Mit den insgesamt vier Modellen vom Codenamen P54C gelang es Intel zudem, die TDP deutlich zu senken und das Verhältnis von Leistung zum Verbrauch deutlich zu optimieren. Während der Pentium 66 ("P5") mit einer Betriebsspannung von 5 Volt noch eine TDP von 16 Watt besaß, begnügte sich der Pentium 75 ("P54C") mit lediglich 8 Watt, da die Betriebsspannung auf 3,3 Volt gesenkt wurde.

Bis ins Jahr 1997 hinein folgte mit dem "P54CS" noch eine weitere Evolutionsstufe mit 133, 150, 166 und 200 MHz, die auch als Pentium-S bezeichnet wird und den abwärtskompatiblen Sockel 7 nutzte. — PCGH

Was 1993 mit 60 und 66 MHz begann, erreichte 1997 mit 166 und 200 MHz ihren Höhepunkt und sollte ein Fingerzeig für das sein, was dem Pentium II möglich gemacht wurde. Der Pentium und "Intel Inside" waren Markenzeichen.

Pentium P54C Quelle: Intel Pentium P54C Quelle: Intel

Weitere interessante Fakten zum optimierten Intel Pentium alias "P54C" und "P54CS" liefert einmal mehr das offizielle Datenblatt (PDF).

Der Pentium MMX ("P55C") als Multimedia-König

Unter dem Codenamen "P55C" veröffentlichte Intel mit dem Pentium MMX die letzte Ausbaustufe der P5-Familie, welche in Intels Forschungs- und Entwicklungszentrum in Haifa, Israel entwickelt worden ist. Es sollte die letzte und auch leistungsfähigste CPU-Reihe aus der Pentium-1-Familie sein und erschien im März 1995.

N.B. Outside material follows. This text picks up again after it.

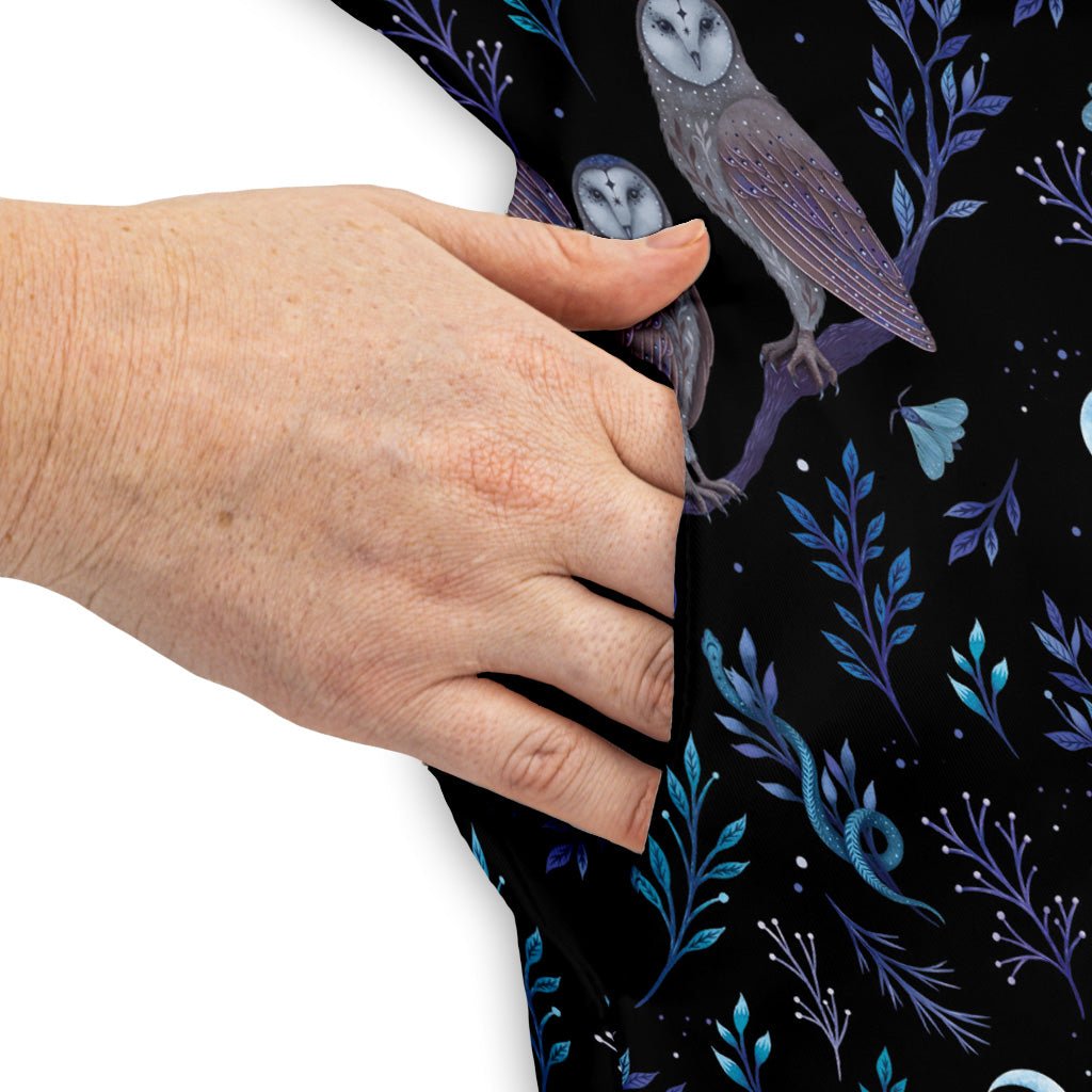 Meet the Episodic Owl Floral Dress, where wide‑eyed owls nestle among ornate florals for a look that’s curious, clever, and effortlessly polished. The all‑over artwork stays crisp and readable, with thoughtful spacing so every owl gets its moment. Designed by Episodic, it hints at cosmic whimsy without losing everyday ease. Easy to layer, movement-friendly, and yes—pockets. Artist‑backed style for game night or a gallery stroll.

Pentium MMX Quelle: Intel Den Anfang machten die drei mobilen Ableger Pentium MMX 120, Pentium MMX 133 und Pentium MMX 150, bevor am 8. Januar 1997 die beiden ersten Desktop-CPUs namens Pentium MMX 166 und Pentium MMX 200 auf den Markt kamen.

Der Pentium MMX stellte Intels ersteCPU mit der hauseigenen MMX-Befehlssatzerweiterung dar und benötigte aufgrund seines Businterfaces mit einer Betriebsspannung von 3,3 Volt, bei dem die CPU mit nur 2,8 Volt betrieben wurdem eine spezielle Form des Sockel 7, den sogenannten Split-Voltage-fähigen Sockel 7. — PCGH

Auch bei der Leistung sollte der Pentium MMX noch einmal einen großer Schritt nach vorn machen und das nicht nur in den Anwendungen, welche die MMX-Erweiterung unterstützten. Auch in regulären Programme ohne MMX-Unterstützung fiel die Leistung im Mittel etwa 15 bis 20 Prozent höher aus als beim Pentium.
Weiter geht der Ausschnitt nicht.